Steve Suh, one of the founders of Left Field Investors and its Chief Content Officer, has been involved with real estate and alternative assets since 2005. Like many, he saw his net worth plummet during the two major stock market crashes in the early 2000s. Since then, he vowed to find other ways to invest his money. Reading Rich Dad, Poor Dad gave Steve the impetus to learn about real estate investing. He first became a landlord after purchasing his office condo. He then invested passively as a limited partner in oil and gas drilling syndications but quickly learned the importance of scrutinizing sponsors when he stopped getting returns after only a few months. Steve came back to real estate by buying a few small residential rentals. Seeing that this was not easily scalable, he searched for alternative ideas. After listening to hundreds of podcasts and attending numerous real estate investing meetings, he determined that passively investing in real estate syndications was the best avenue to get great, risk-adjusted returns. He has invested in dozens of syndications involving apartment buildings, self-storage facilities, resort properties, ATMs, Bitcoin mining funds, car washes, a coffee farm, and even a Broadway show.

When Steve is not vetting commercial real estate syndications in the evenings, he is stomping out eye diseases and improving vision during the day as an ophthalmologist. He enjoys playing in his tennis and pickleball leagues and rooting for his Buckeyes and Steelers football teams. In the past several years, he took up running and has completed three full marathons, including the New York City Marathon. He is always on a quest to find great pizza, BBQ brisket, and bourbon. He enjoys traveling with his wife and their three adult kids. They usually go on a medical mission trip once a year to southern Mexico to provide eye surgeries and glasses to the residents. Steve has enjoyed being a part of Left Field Investors to help others learn about the merits of passive, real asset investments.

Sean Donnelly

Chief Culture Officer, Founder

Sean holds a W2 job in the finance sector and began his real estate investing journey shortly after earning his MBA. Unfortunately, it could not have begun at a worse time … anyone remember 2007 … but even the recession provided worthy lessons. Sean stayed in the game continuing to find his place, progressing from flipping to owning single and multi-family rentals to now funding opportunities through syndications. While Sean is still heavily invested in the equities market and holds a small portfolio of rentals, he strongly believes passive investing is the best way to offset the cyclical nature of traditional investment vehicles as well as avoid the headaches of direct property ownership. Through consistent cash flow, long term yield and available tax benefits, the diversification offered with passive investing brings a welcomed balance to an otherwise turbulent investing scheme. What Sean likes most about the syndication space is that the investment opportunities are not “one size fits all” and the community of investors genuinely want to help.

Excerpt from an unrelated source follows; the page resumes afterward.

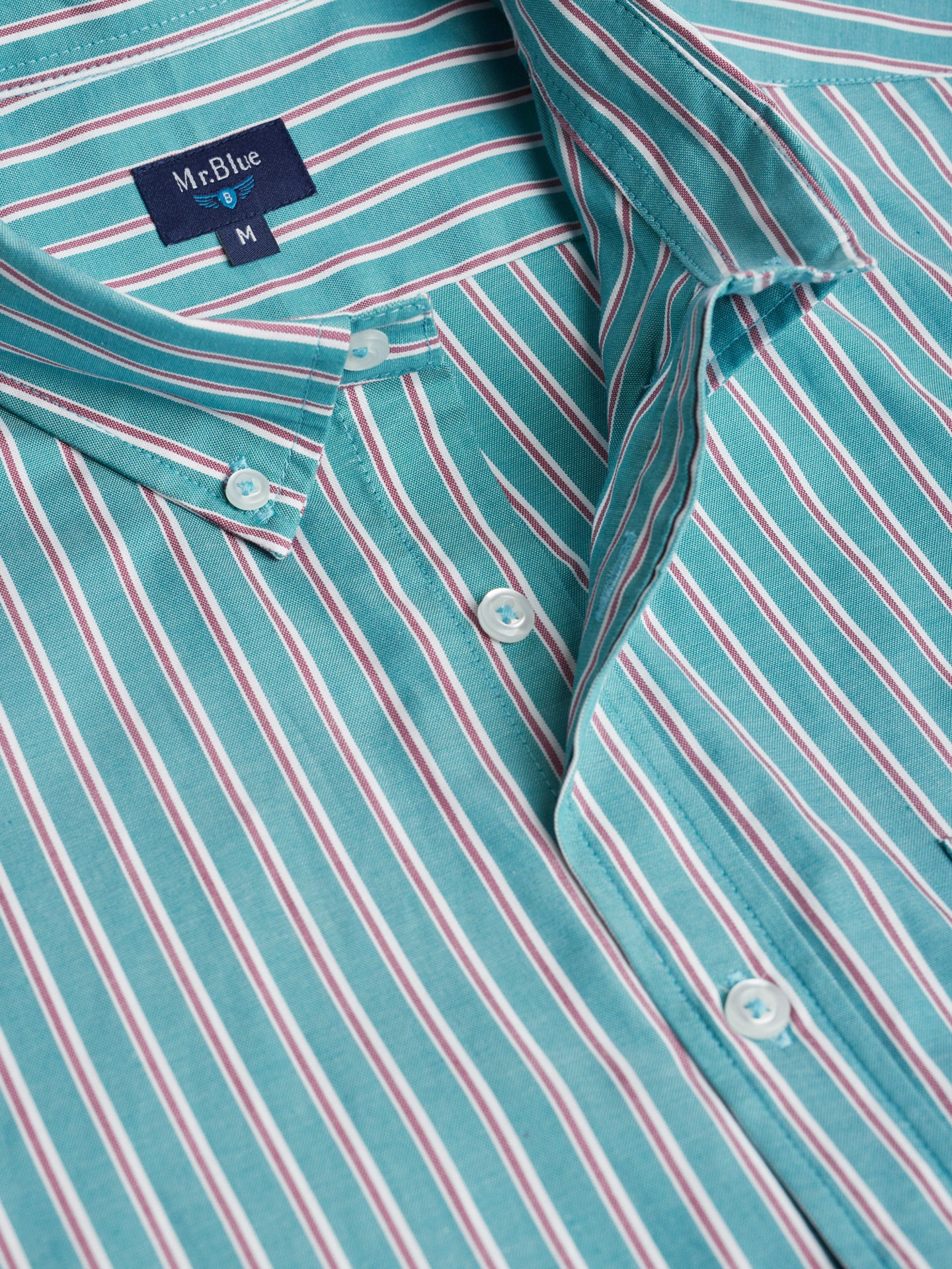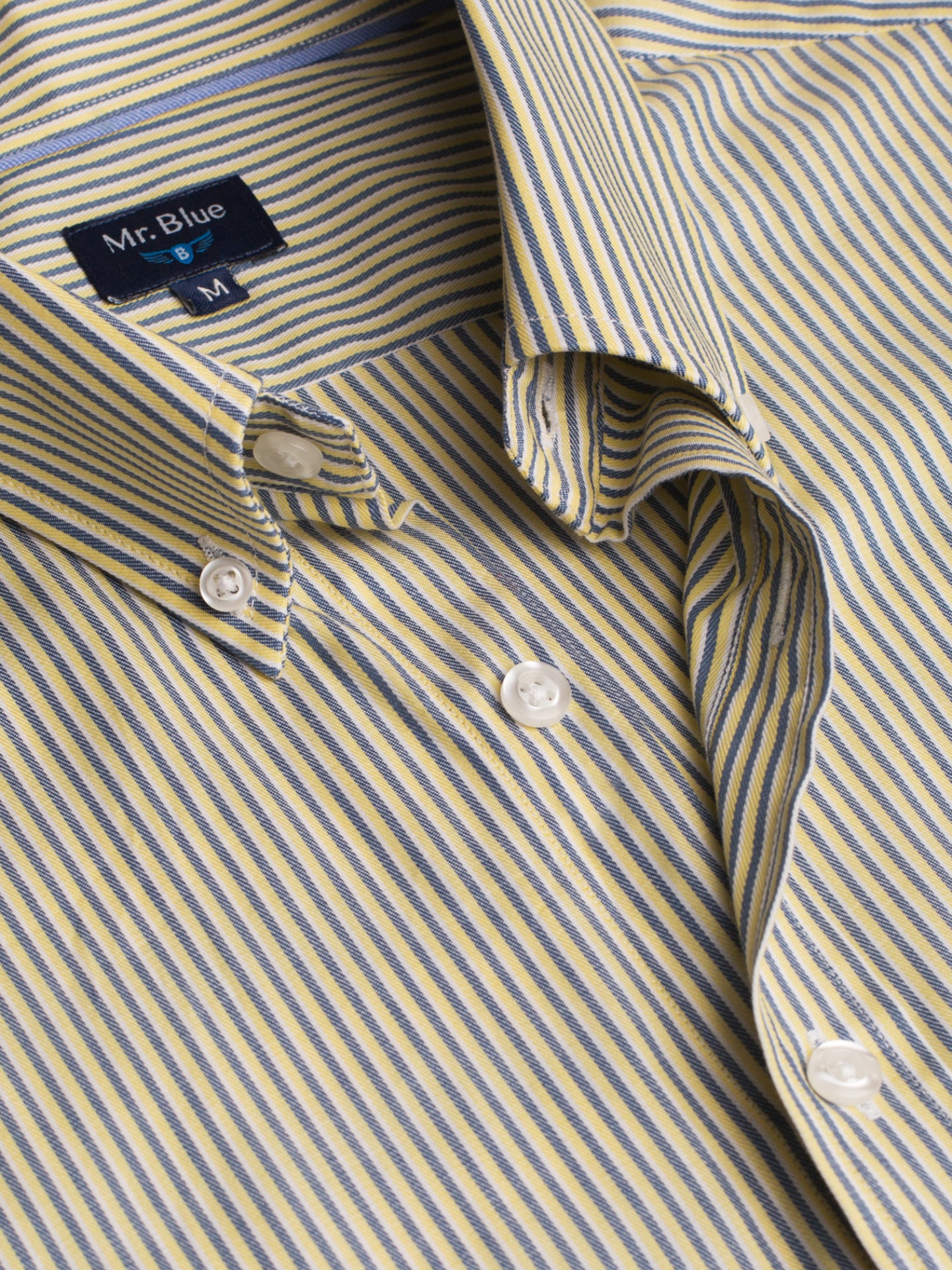 Camisa algodão às riscas azul claro e amarelo com bolso

He earned a B.S. in Finance from Iowa State University in 1995 and a MBA from Otterbein University in 2007. Sean has lived in eight states but has called Ohio home for the last 20+.  When not attending his children’s various school/sporting events, Sean can be found running, golfing, shooting or fly-fishing.

Patrick Wills

Chief Information Officer, Advisory Partner

An active real estate investor since 2017, Patrick Wills’ investing journey began like many others – after reading the “purple book” by Robert Kiyosaki. Patrick started with single family rentals, and while they performed well, he quickly realized their inability to scale efficiently while remaining passive. He discovered syndications via podcasts and local meetups and never looked back. He joined Left Field Investors in 2022 as a member and has quickly become an integral part of the team as Vice President of Technology.

An I.T. Systems Engineer by trade, he experienced the limitations of traditional Wall Street investing firsthand in his career and knew there had to be a better way to truly have financial freedom.

Unfortunately, that better way is inaccessible to those who need it most. His mission is to make alternative investments accessible to everyone who seeks to take control of their financial future and to pursue their passions in life.